Anchor

My boat sits atop the ocean, the sky, and waves indistinguishable in the dead of night. I sense the wave coming and brace for the incalculable impact.

Knuckles white with dread, I try to recall the glass-like sea, crystal-clear water and boat in motionless synchronicity, the air still and silent.

Fear slicks across my skin as I realise, I have not dropped the anchor and, blinded in the darkness, I have no gauge of position for myself or the one thing that would keep me from complete destruction.

I try to soothe myself, remembering the times resting peacefully on the motionless sea as the swell of the wave lifts the hull, setting it in irons unable to manoeuvre, the head sea forcing my vessel to toss and turn at its whim.

I scurry around the deck, my senses overly heightened. Panic begins to set in as my eyes dart back and forth in the dark blindly searching for refuge.
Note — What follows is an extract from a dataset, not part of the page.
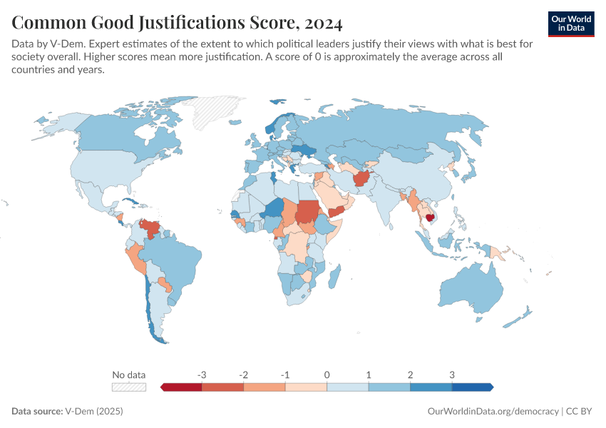 “Data Page: Common good justifications”, part of the following publication: Bastian Herre, Lucas Rodés-Guirao, and Esteban Ortiz-Ospina (2013) - “Democracy”. Data adapted from V-Dem. Retrieved from https://wip-stagingserver-resources.owid.pages.dev:8789/20260304-094028/grapher/common-good-justifications-score.html [online resource] (archived on March 4, 2026).How to cite this data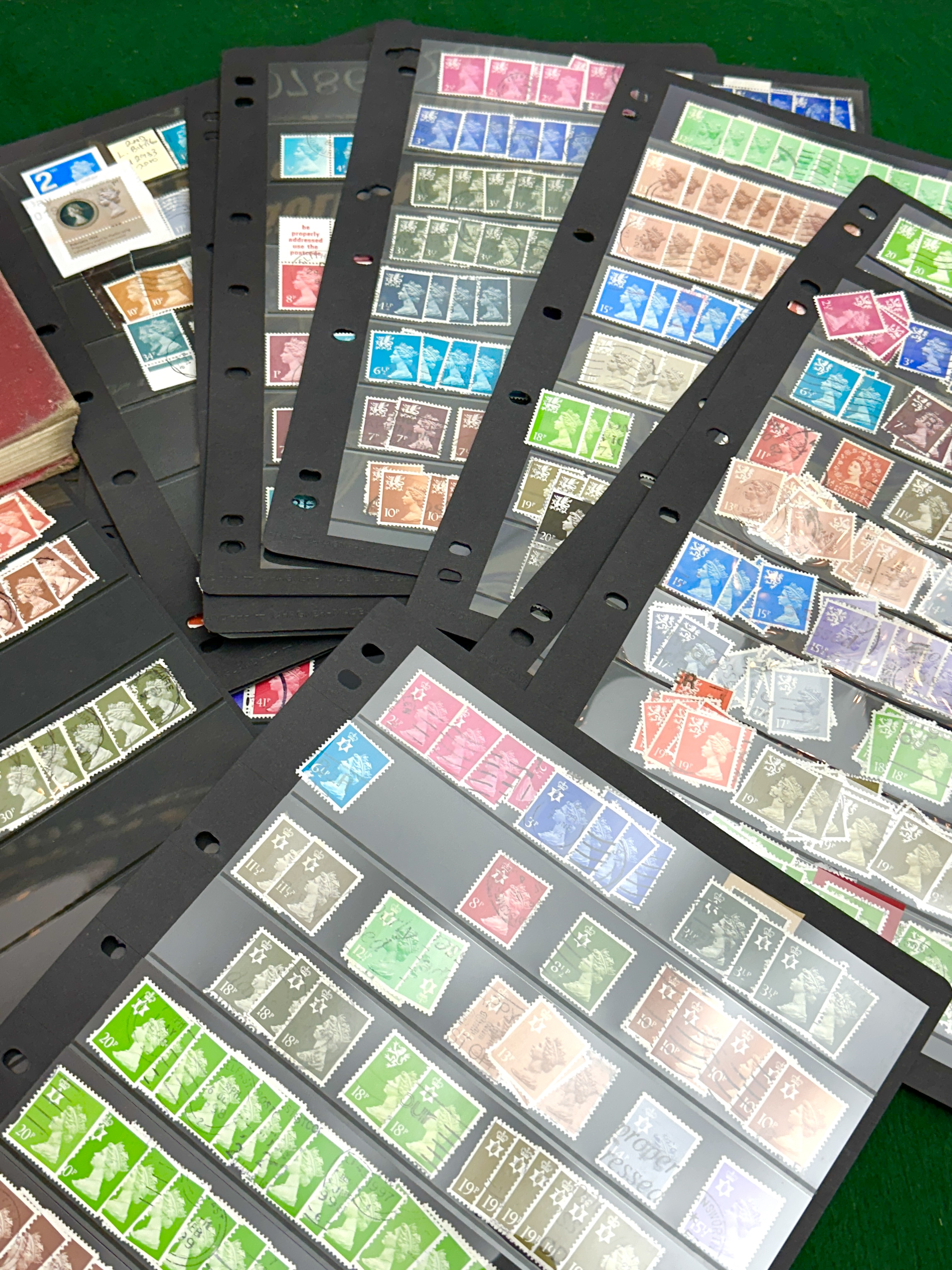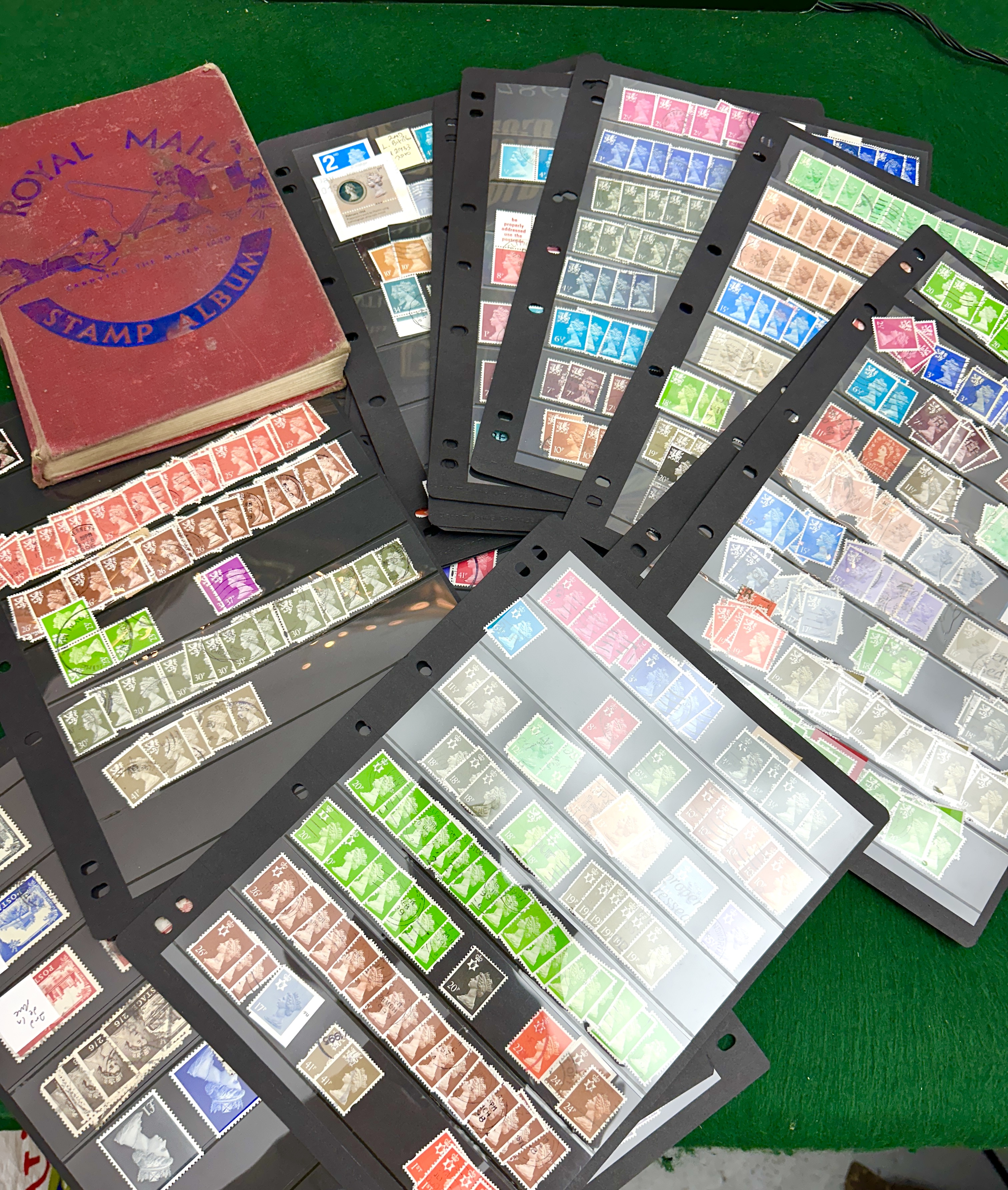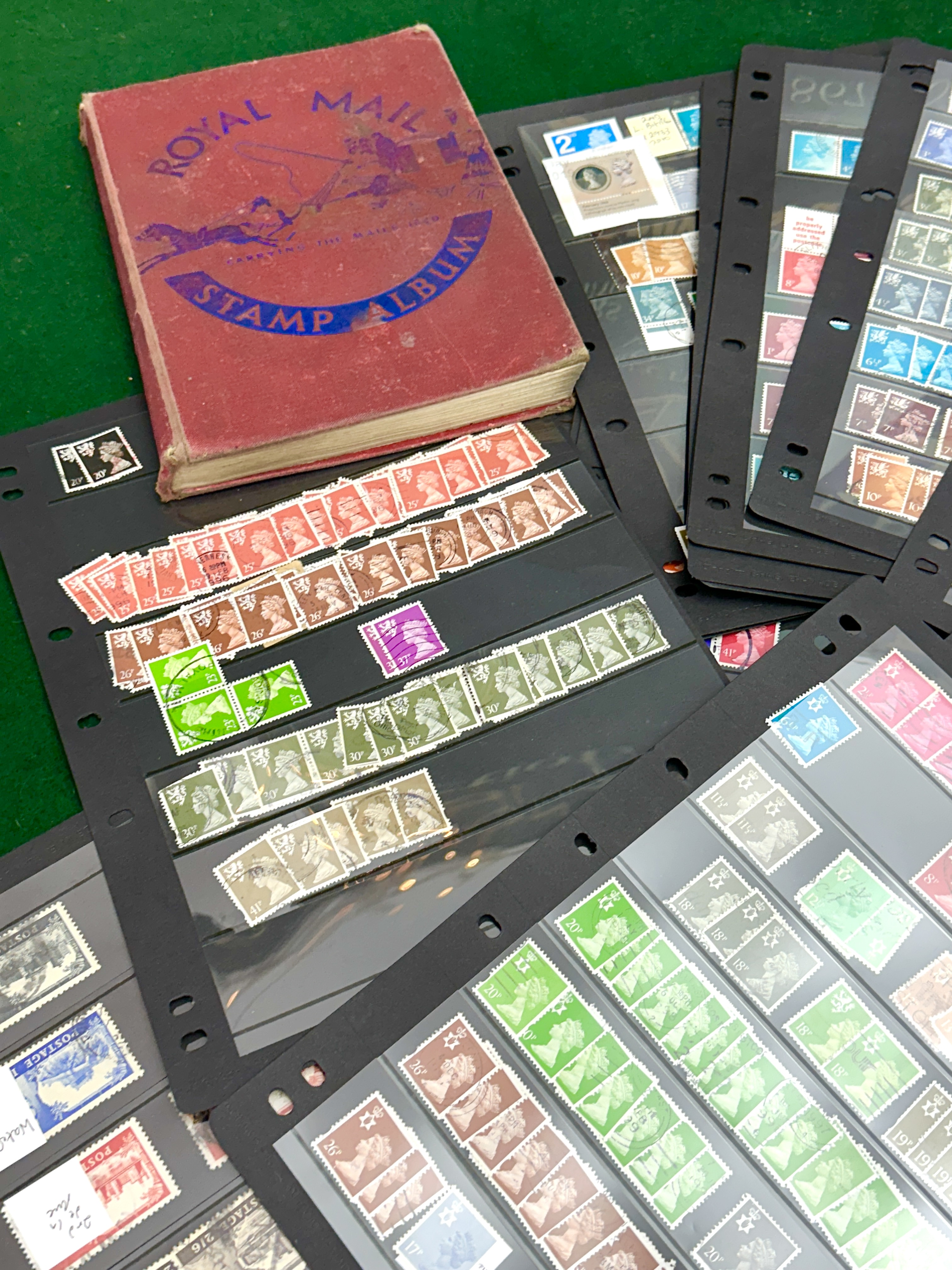 A collection of British postage stamps primarily comprising the Machin definitive series depicting the profile of Queen Elizabeth II. The assortment includes a variety of denominations in both pre-decimal and decimal values, presented in a range of colours. The stamps are organised across multiple black plastic Lighthouse VARIO stock sheets and include both mint and postmarked examples. The lot is accompanied by a vintage Royal Mail Stamp Album featuring a red cloth-bound cover with a printed illustration titled Carrying the Mail 1790.

Suddenly a moment of quiet pulls itself around the hull and the rain-sodden clouds reveal a slither of moonlight. The soft whoosh of wings alights ever so gently on the wheel. I recognise the Spirit of God in the dove’s eyes and my scattered thoughts and emotions pull inward, drawing me into His quietness and calm.

I pause, still as can be. Me at the bow, He at the wheel. I look down and see the anchor. It was right there at my side, all along.

I retrieve the weighted iron and drop it carefully into the darkened swirling water. I expect the dove to alight and find safety; instead, it flutters toward the companionway, and I sense it calling to me to follow.

Nestled beside its warmth, I lay my head down and wait, eye to eye with the dove, its soft feathers brushing against my forearm, my heartbeat slowing, my mind quietening.

The storm again rages yet I remain positioned, my eyes transfixed on the dove, the dove never breaking its gaze back at me, never wavering.